As partes lembraram, também, que a Conferência Humanitária de Alto Nível convocada à margem da Cimeira da União Africana, em Fevereiro de 2025, saudaram os esforços regionais e internacionais para enfrentar a crise hu- manitária e condenaram as atrocidades cometidas contra civis pelas partes em conflito. As duas individualidades reafirmaram o apoio à integridade territorial e à unidade do Sudão, bem como a necessidade imperativa de uma solução pacífica. 

A questão da Somália foi outro tema abordado durante o encontro. Sobre este assunto, as partes reafirmaram apoio à soberania, integridade territorial, segurança e estabilidade daquele país. 

A ocupação das três ilhas dos Emirados Árabes Unidos (Grande Tunb, Pequena Tunb e Abu Musa) pelo Irão foi outro tema abordado. Sobre este particular, ambos os lados consideraram a acção uma violação da soberania dos Emirados Árabes Unidos e dos princípios da Carta das Nações Unidas. Reiteraram, por isso, o seu apoio ao apelo dos Emirados Árabes Unidos para uma resolução pacífica da disputa sobre as três ilhas, em conformidade com o Direito Internacional, inclusive por meio de negociações bilaterais ou do Tribunal Internacional de Justiça. 

Tendo como pano de fundo o tema da UA para 2026 sobre água e saneamento, as partes destacaram a Conferência das Nações Unidas sobre a Água de 2026, que será co-organizada pelos Emirados Árabes Unidos e pelo Senegal, como uma oportunidade fundamental para impulsionar a acção global em prol da resiliência hídrica.

UMA INICIATIVA CHAVE DA UA PARA ACABAR COM OS CONFLITOS

Silenciar as Armas em 2030 é uma iniciativa chave da União Africana, parte da Agenda 2063, que tem como objectivo acabar com os conflitos no continente através da paz, segurança e do desarmamento, com foco na erradicação do terrorismo, no controlo de armas ilícitas e na reintegração de ex-combatentes, como evidenciado pelas discussões e acções em países como Moçambique. 
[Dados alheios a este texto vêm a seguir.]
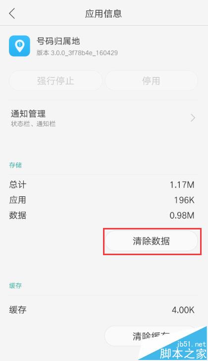 点击应用程序管理--全部--号码归属地,清除数据后,一键清理后台程序即可。

A iniciativa consiste num Roteiro Mestre, que constitui um plano estratégico da UA com medidas práticas para alcançar a paz duradoura em África até 2030, assim como a prioridade continental, um dos principais objectivos da Agenda 2063 da União Africana, “A África que Queremos”. 

A iniciativa tem, ainda, como focos o combate ao terrorismo e extremismo, através dos quais aborda as causas dos conflitos e a proliferação de grupos armados, como o terrorismo em Moçambique. 

Em resumo, “Silenciar as Armas em 2030” é um ambicioso esforço africano para construir um continente pacífico, mas enfrenta desafios complexos de governação, segurança e desenvolvimento.